Earlier this year Ivis Chan, a PhD student from the School of Applied Sciences, was awarded a Santander Scholarship to visit Yale University. Here she talks about the benefits of the visit to her research…
I am a postgraduate researcher in the School of Applied Sciences at Bournemouth University, supervised by Professor Adrian Newton and Dr. Duncan Golicher. My research focuses on defining patterns of tree species diversity that can be used to inform conservation planning within Central America. This species-rich region harbours many species not found elsewhere in the world, including endemic primates, birds and plants. The region’s growing population and widespread poverty mean it is an area of highly competing land use interests. It is therefore important to identify and prioritize areas with unique groups of species for conservation efforts.
In January and February, I visited Professor Walter Jetz’s lab at Yale University. The purpose of my visit was to start collaborating with Dr. Dan Rosauer (a post-doc in the Jetz lab) to develop a method for identifying areas containing unique groups of tree species.

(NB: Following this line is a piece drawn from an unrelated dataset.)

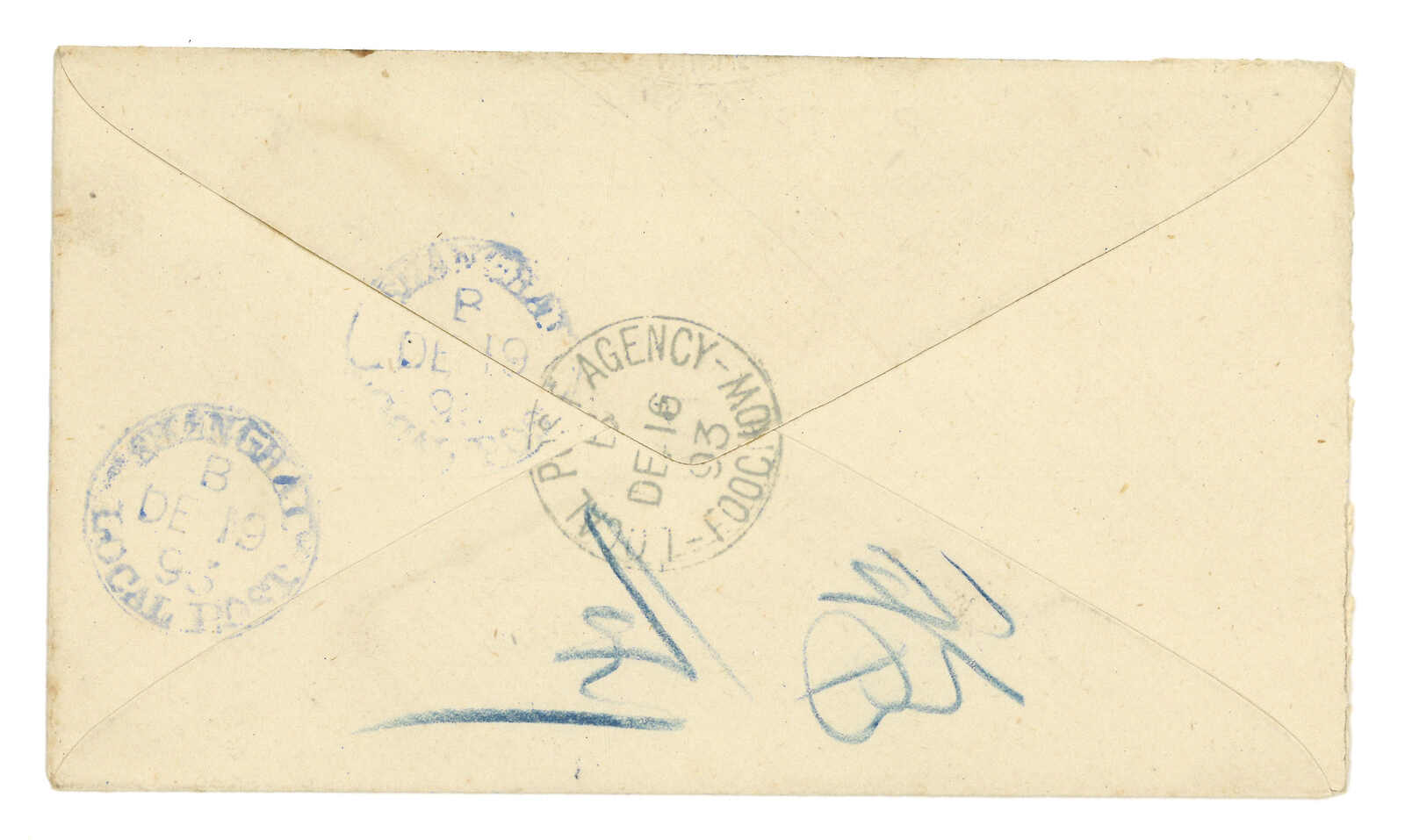 1893.12.16 上海工部郵局1分郵資封自福州寄上海,鈐“LOCAL POST AGENCY / FOOCHOW”日戳。12.19抵上海工部郵局。為福州書信館訂戶例子,1893年亦甚早。(Image 1) (Image 2)

During my visit, I received training in the specific method and software which I will implement during my research.
In addition, I had the opportunity to participate in graduate seminar discussions led by Professor Jetz on hotly-debated ecological topics such as “niche conservatism” and the “heritability of species range sizes.” Chatting with members of the Jetz lab over many pad thai lunches was also a great learning experience, as I heard about their various research projects and discussed options for tackling some of the challenges in my own research.
As an added bonus, I also had the opportunity to attend a conference on Landscape-Scale Restoration in the Tropics organized by the International Society of Tropical Foresters. This was a great opportunity to network and to learn about research prospects in forest restoration in tropical areas around the world, including my study region.
This exchange visit was a very rewarding experience for me and I would encourage others to take advantage of such opportunities. This partnership started with a simple exchange of email communication. It is therefore important that researchers are encouraged and enabled to build collaborations as this fosters the exchange of ideas that knowledge is built on. The Santander grant offers a good chance for researchers to put their collaborative ideas into action.
Many thanks to the Santander grant for sponsoring me. Thanks to the BU Research Development Unit and Applied Sciences Administration Office for helping me to coordinate the details. Finally, thanks especially to Professor Jetz and the members of his lab, especially Dr. Dan Rosauer, for welcoming me and sharing their expertise.